В ответ Бэла Барабаш высказывается так, как мог бы высказаться, наверное, Бэла Кун: «Не для коммунизма, а для всего человечества опасно мещанство… Мещанин — это все-таки тоже человек, и ему всегда хочется большего. Но, поскольку он в то же время и скотина, это стремление к большему по необходимости принимает самые чудовищные формы. Например, жажда власти. Жажда поклонения. Жажда популярности. Когда двое таких вот сталкиваются, они рвут друг друга, как собаки. А когда двое таких сговариваются, они рвут в клочья окружающих. И начинаются веселенькие штучки вроде фашизма, сегрегации, геноцида. И прежде всего поэтому мы ведем борьбу против мещанства. И скоро вы вынуждены будете начать такую войну просто для того, чтобы не задохнуться в собственном навозе».
Что из этого следует?
Авторы уверены: мещанство, бюргерская тихая и обеспеченная жизнь, лишенная динамического идеала, — вещь, которая иной раз достойна пули.

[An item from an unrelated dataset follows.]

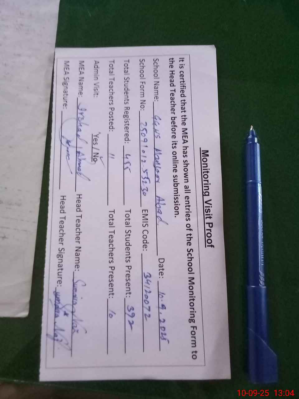 | Attendance Register | Head Teacher | MEA with School | Visit Proof |

А уж для его последствий одной пули будет мало…
18
В повести «Дни Кракена» та же борьба с мещанством передана не через «сократические диалоги», когда одна из сторон заведомо права и, следовательно, заведомо должна победить, а через «игру» персонажей. Конечно, главный герой время от времени знакомит читателя со своими «мыслями по поводу», но это неизбежно: повествование ведется от первого лица. Лобовым высказываниям отдан весьма незначительный объем, их почти не замечаешь. Результат: те же идеи, что и в «Стажерах», поданы теперь эффектно, красиво, без метания громов и постановочных дискуссий. Получилось на порядок сложнее и на порядок сильнее.

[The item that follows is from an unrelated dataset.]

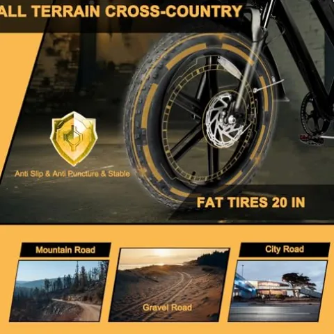 - 🚲 【 Conquering Diversified Terrain 】 Electric mountain bike configuration 20 inch Fat tires provide excellent puncture protection, making it easy to ride on concrete, gravel, grass, and soil. Due to the IP54 waterproof feature, mountain e bike for adults can travel through light rain and puddles without any worries. Combining front and rear suspension designs to alleviate vibrations and create a more comfortable and stable riding experience for you.

«Дни Кракена» строятся на противостоянии двух героев.
Центральный персонаж — Андрей Головин. Он прозрачен, легок, светел, как солнечный день. Это какой-то июльский человек, наполненный теплом и витальной энергией. Над черновиком «Дней Кракена» работал Аркадий Натанович, и в центральном персонаже просматриваются черты его характера, детали его биографии.
Это очень обаятельная личность, «агитирующая» за родной для Стругацких этический идеал без громких слов, без лозунгов, без пафосных сцен — одним своим поведением. Профессиональный переводчик с японского, он уже достиг высокого статуса в своей профессии. Ему позволено самостоятельно выбирать тексты для работы. И он занимается самым сложным, самым интересным, самым талантливым, — пусть эти произведения на порядок более трудны, чем обычная «текучка». Высокая трудоемкость отнюдь не предполагает повышенной оплаты. Само погружение в стихию перевода, само творчество доставляет главному герою ни с чем не сравнимое наслаждение… да и полное нравственное удовлетворение.
«Я — чернорабочий мировой культуры».
«Я, будучи убежденным коммунистом, не мыслю жизни без работы».
В личной жизни ведущий персонаж — личность, раскрепостившаяся, сбросившая путы жесткой морали, какой бы она ни была — советской ли, традиционной ли. Героя ведет чувство, он ошибается, исправляет ошибки, но никому не позволяет отнять хоть малую часть своей свободы. В одном из планов работы над сюжетом повести ясно указано: сущность «крайних представлений», то есть твердых принципов морали, — мещанская.
Юля Марецкая — активистка и общественница, кажется, влюбленная в Андрея, но ему не нужная. Она-то как раз выполняет функцию столпа морали. В повести она подана стеснительной молодой женщиной, не сумевшей «отделаться от некоторых ублюдочных принципов, которые ей внушили еще в школе». Но если кто-то шел против ее убеждений, Марецкая могла доставить ему неприятности — из педагогических соображений. И стеснительность ей ничуть не мешала. Ее реплики словно отлиты из бронзы: «Ты не имеешь права. Как твой товарищ и как член партбюро я предупреждаю тебя, это выглядит некрасиво». Или: «Мы сейчас ведем… борьбу за моральную чистоту, стараемся не оставить без внимания ни одного случая нарушения норм коммунистической морали — и вот пожалуйста, коммунистка, член бюро подозревается в… распущенности». А Головин отвечает ей: «И очень жаль, что мы не любовники, а то бы я постарался доказать тебе, что счастье не в печати от загса».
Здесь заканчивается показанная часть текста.